I noticed Mike Gerasimenko’s new XcodeSelectiveTesting library this week, and it set me thinking about how we run tests in Xcode compared to my previous experience with other development environments.

Mike’s library uses Test Plans to reduce the number of tests that need to be executed based on calculating what tests have been affected by the files you’ve changed. Of course, you’ll still want to run your complete test suite regularly, but when tests break, there are real benefits to getting quick feedback, and running fewer tests is a great way to make your tests run faster!

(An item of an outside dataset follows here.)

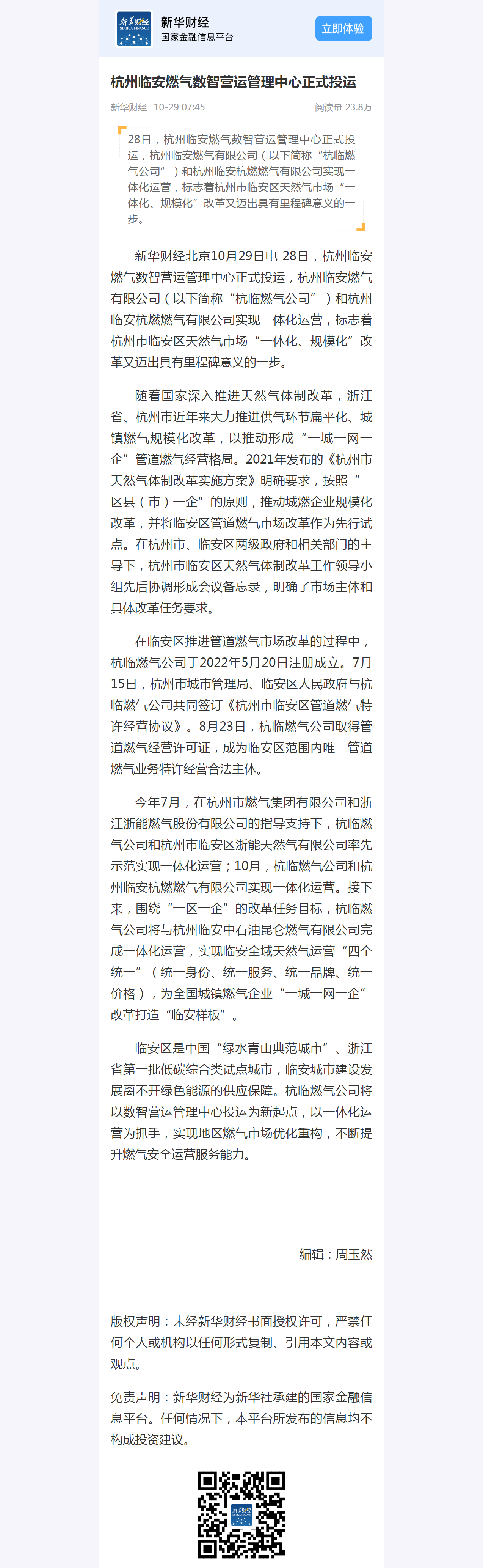 燃气有限公司实现一体化运营,标志着杭州市临安区天然气市场“一体化、规模化”改革又迈出具有里程碑意义的一步。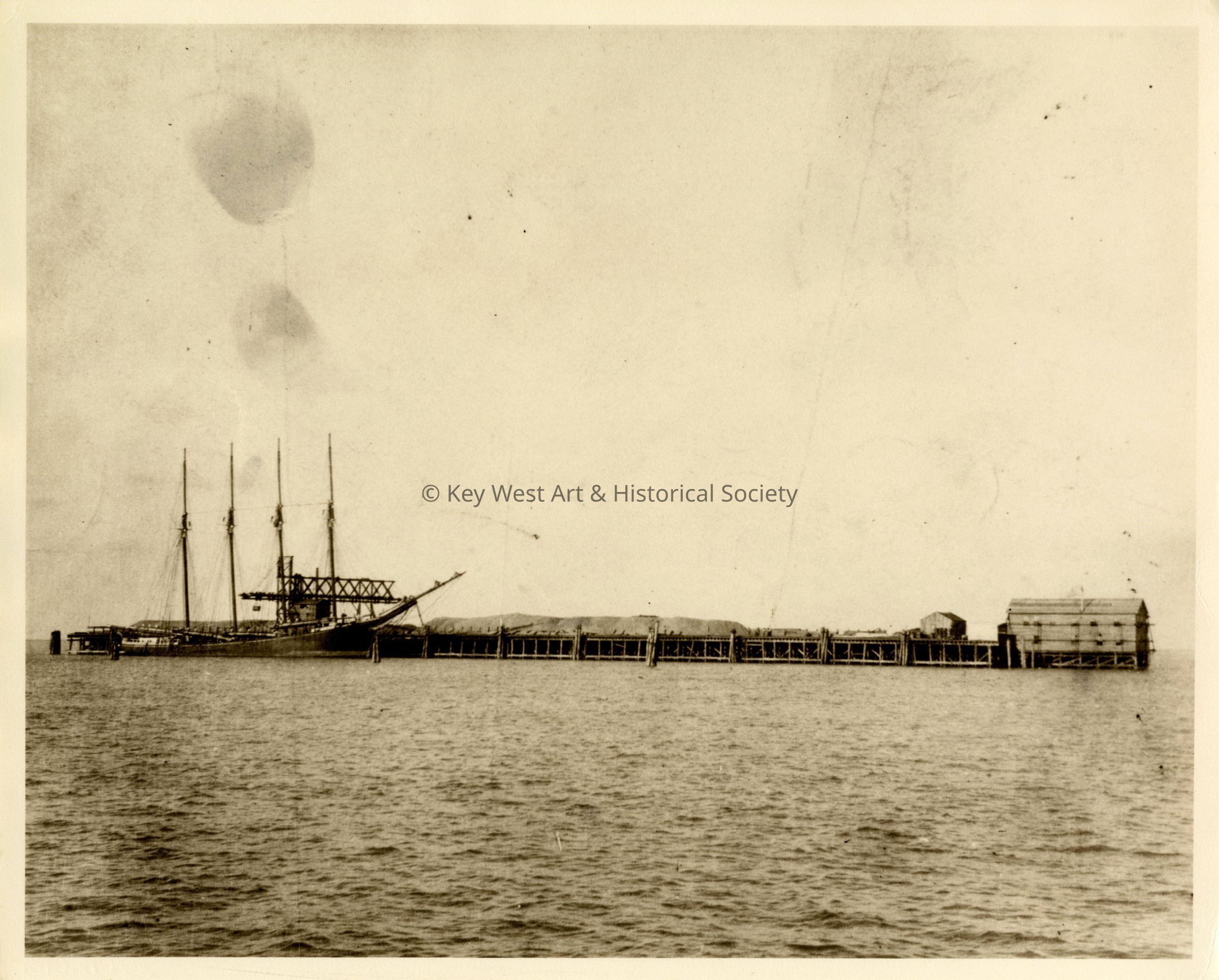 Black and white photograph of the schooner Ward alongside Knights Key dock.

My main experience developing with other languages comes from writing Ruby code, where I found guard invaluable. It’s a tool that runs alongside your editor and runs any affected tests whenever you save any file in your project. It changed how I used tests, as the effects of any changes were instantly apparent, and I still use it every time I need to change a Ruby project.

Compare that to how I work today, where our test suite on you know what takes over two minutes to run. As a result, I run the tests far less often and sometimes only figure out I’ve broken something when CI tells me. 😬

I know it’s early for feature requests for Xcode 16, and I know that with Swift being a compiled language, it won’t be easy to reach the same level of convenience as seeing test results a second or two after saving a file. However, I’d love to see Apple move towards a model that makes what Mike is doing with XcodeSelectiveTesting unnecessary and towards having Xcode give developers constant feedback from test suites.